It turns out that Lemma 3 can be improved to $\ast$-meager sets:

Lemma 4: If $Y$ is $\ast$-meager, then it is Ramsey null.

Proof: Set $Y=\bigcup_{n=0}^\infty Y_n$, $Y_n$ is $\ast$-nowhere dense. The proof is roughly a diagonal argument, similar to some of the earlier ones. Let $s,B$ be arbitrary. We use several applications of Lemma 3 to construct $B_0\supseteq B_1\supseteq B_2\supseteq \cdots$ subsets of $B$ and an increasing sequence of $x_i\in B_i$ so that for each $n$,

$[s\cup F,B_n]^\omega\subseteq Y_n^c$ for all $F\subseteq\{x_0,\ldots,x_{n-1}\}$.

So at the $n$th stage, we use Lemma 3 successively to shrink $B_{n-1}$ so that the statement above holds for each $F\subseteq\{x_0,\ldots,x_{n-1}\}$ (one application of Lemma 3 for each $F$).

Then the sequence of $\{x_0,x_1,\ldots\}$ witnesses completely Ramsey for $s,B$. $\Box$

So $\ast$-nowhere dense, $\ast$-meager, and Ramsey null are all the same thing.

We can finally put it all together to get the main theorem of this talk, which implies the Galvin-Prikry Theorem as a corollary (since Borel sets in the usual topology are easily $\ast$-Baire, being in the $\sigma$-ideal generated by the $\ast$-open sets.). Recall that a set $Y$ is Baire (or has the property of Baire) iff there is a meager set $W$ and an open set $Z$ so that $Y= Z\triangle W$ is open (these are the "measurable" sets in terms of category).

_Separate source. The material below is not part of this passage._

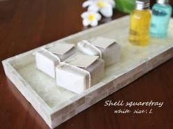 商品紹介: スクエアカットした真珠貝を貼りあわせ、樹脂でコーティングしたシェルスクエアトレイ L(ホワイト)。

Theorem: $Y$ is $\ast$-Baire iff it is completely Ramsey.

Proof: For the forward direction, suppose $Y$ is $\ast$-Baire, so there is a $\ast$-meager set $W$ and $\ast$-open $Z$ with $Y=Z\triangle W$. Take $s\in[\omega]^{<\omega}$ and $B\in [\omega]^\omega$ arbitrary. By Lemma 5, there is $C\in [B]^\omega$ so that $[s,C]^\omega\subseteq W^c$.  By Lemma 1, there is $D\in[C]^\omega$ so that $[s,D]^\omega\subseteq Z$ or $Z^c$. By choice of $C$, this means that $[s,D]^\omega\subseteq Z-W\subseteq Y$ or $[s,D]^\omega\subseteq Z^c-W\subseteq Y^c$.

Conversely, assume $Y$ is completely Ramsey. We will show that $Y-\rm{int}(Y)$ is $\ast$-meager. It suffices to show that it's Ramsey null. Take $s\in[\omega]^{<\omega}$ and $B\in [\omega]^\omega$ arbitrary. There is $C\in [B]^\omega$ so that $[s,C]^\omega\subseteq Y$ or $Y^c$. In the first case, $[s,C]^\omega$ is contained in the interior of $Y$, and in the second case, $[s,C]^\omega$ is disjoint from $Y$, so in either case $[s,C]\subseteq Y-\rm{int}(Y)$. $\Box$

Zach ended by giving an open question. Mathias proved that if it is consistent that an inaccessible cardinal exists, then it is consistent that projective sets are Ramsey (this statement holds in Solovay's model, obtained by collapsing an inaccessible). But is the inaccessible necessary? Does the statement that projective sets are Ramsey have consistency strength above just ZFC?